[Start of section]

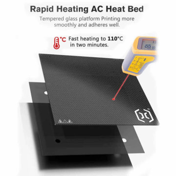Die Druckplatte besteht aus gehärtetem Glas, welches für einen reibungslosen Druck und ausgezeichnete Haftung sorgt. Durch seine hervorragende Wärmeleitfähigkeit kann das AC-Heizbett eine Temperatur von 110 Grad Celsius in nur 2 Minuten erreichen, wobei die maximale Leistung bei 130 Grad Celsius liegt.
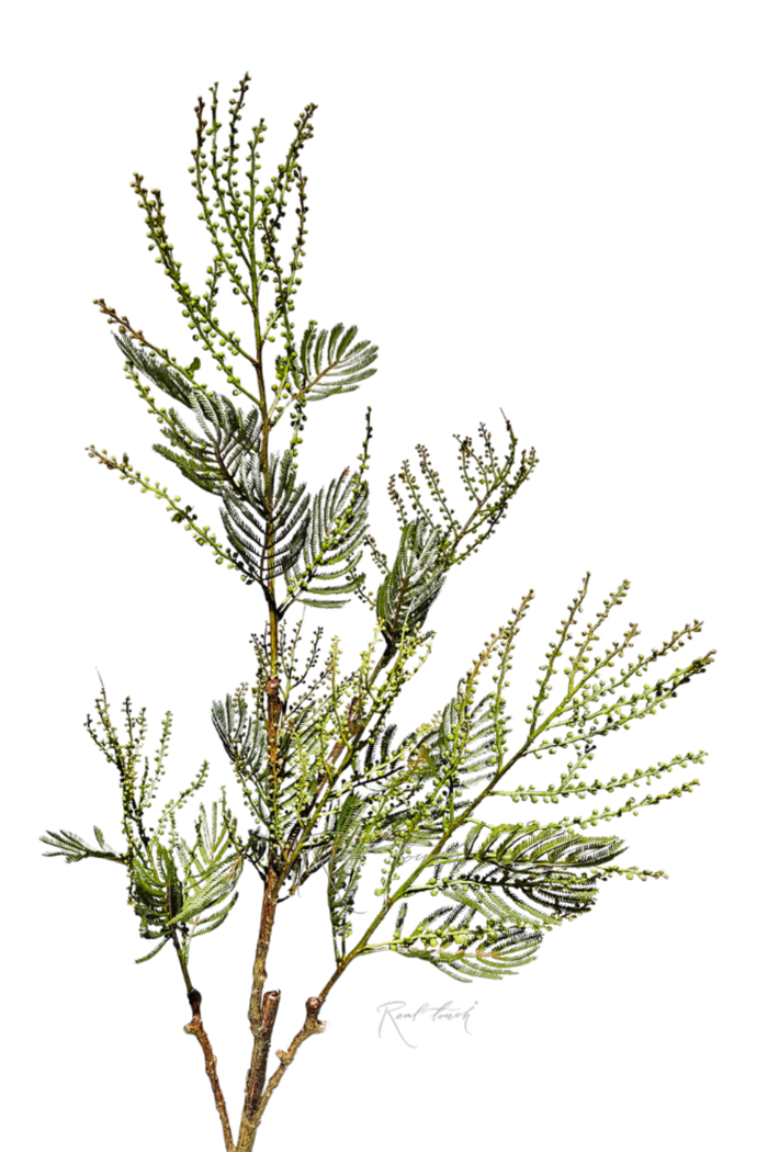Необычная ветка мимозы в трех размерах: 87см, 105см, 154см. Материал – пластик. Веточка очень объемная и очень искусно выполнена, с множеством мелких деталей: характерный листики, как у нашей альбиции, на каждой веточке закрытые бутоны мимозы светло-зеленого цвета. В основании каждой веточки есть проволока, поэтому расправить можно так, как вам нравится. Такая мимоза уникальная и подойдет как в напольную композицию, так и в зеленую стену.
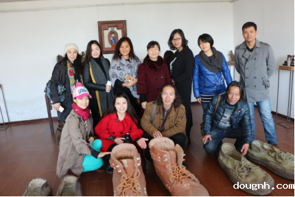 随后又参观钞氏兄弟陶艺工作室,钞氏兄弟对事业的坚持真的令人佩服且羡慕不已。钞子艺,钞子伟,双胞胎兄弟,河南南阳人,职业艺术家,同为中国美术家协会会员,中国雕塑学会会员,中国工艺美术学会雕塑专业委员会会员。毕业于河南南阳理工学院艺术系,先后在中央美术学院学习。现工作生活于北京 。南阳台电视台、河南电视台、中央电视台分别作过专题报道。个人专辑数本,在上百个刊物上发表作品、文章等。最为震撼的是他们做的一系列的废旧军鞋,一双鞋带一个鞋子上的小布丁都用材质表现的淋漓尽致。
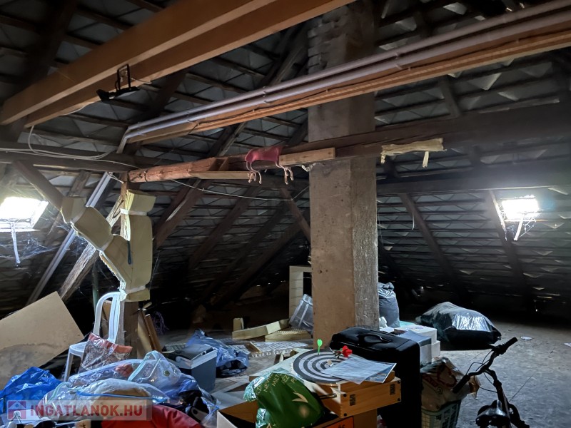 -A tető pala fedésű, a gerendák jó állapotban vannak, üveggyapot hőszigetelés került a padlástérbe, amely igény szerint beépíthető

[End of section]

| AIM OF THE TASK |
If a picture appears in the data, omit it; transcribe all the rest exactly.

| TASK SOLUTION |
Die Druckplatte besteht aus gehärtetem Glas, welches für einen reibungslosen Druck und ausgezeichnete Haftung sorgt. Durch seine hervorragende Wärmeleitfähigkeit kann das AC-Heizbett eine Temperatur von 110 Grad Celsius in nur 2 Minuten erreichen, wobei die maximale Leistung bei 130 Grad Celsius liegt.
Необычная ветка мимозы в трех размерах: 87см, 105см, 154см. Материал – пластик. Веточка очень объемная и очень искусно выполнена, с множеством мелких деталей: характерный листики, как у нашей альбиции, на каждой веточке закрытые бутоны мимозы светло-зеленого цвета. В основании каждой веточки есть проволока, поэтому расправить можно так, как вам нравится. Такая мимоза уникальная и подойдет как в напольную композицию, так и в зеленую стену.
 随后又参观钞氏兄弟陶艺工作室,钞氏兄弟对事业的坚持真的令人佩服且羡慕不已。钞子艺,钞子伟,双胞胎兄弟,河南南阳人,职业艺术家,同为中国美术家协会会员,中国雕塑学会会员,中国工艺美术学会雕塑专业委员会会员。毕业于河南南阳理工学院艺术系,先后在中央美术学院学习。现工作生活于北京 。南阳台电视台、河南电视台、中央电视台分别作过专题报道。个人专辑数本,在上百个刊物上发表作品、文章等。最为震撼的是他们做的一系列的废旧军鞋,一双鞋带一个鞋子上的小布丁都用材质表现的淋漓尽致。
 -A tető pala fedésű, a gerendák jó állapotban vannak, üveggyapot hőszigetelés került a padlástérbe, amely igény szerint beépíthető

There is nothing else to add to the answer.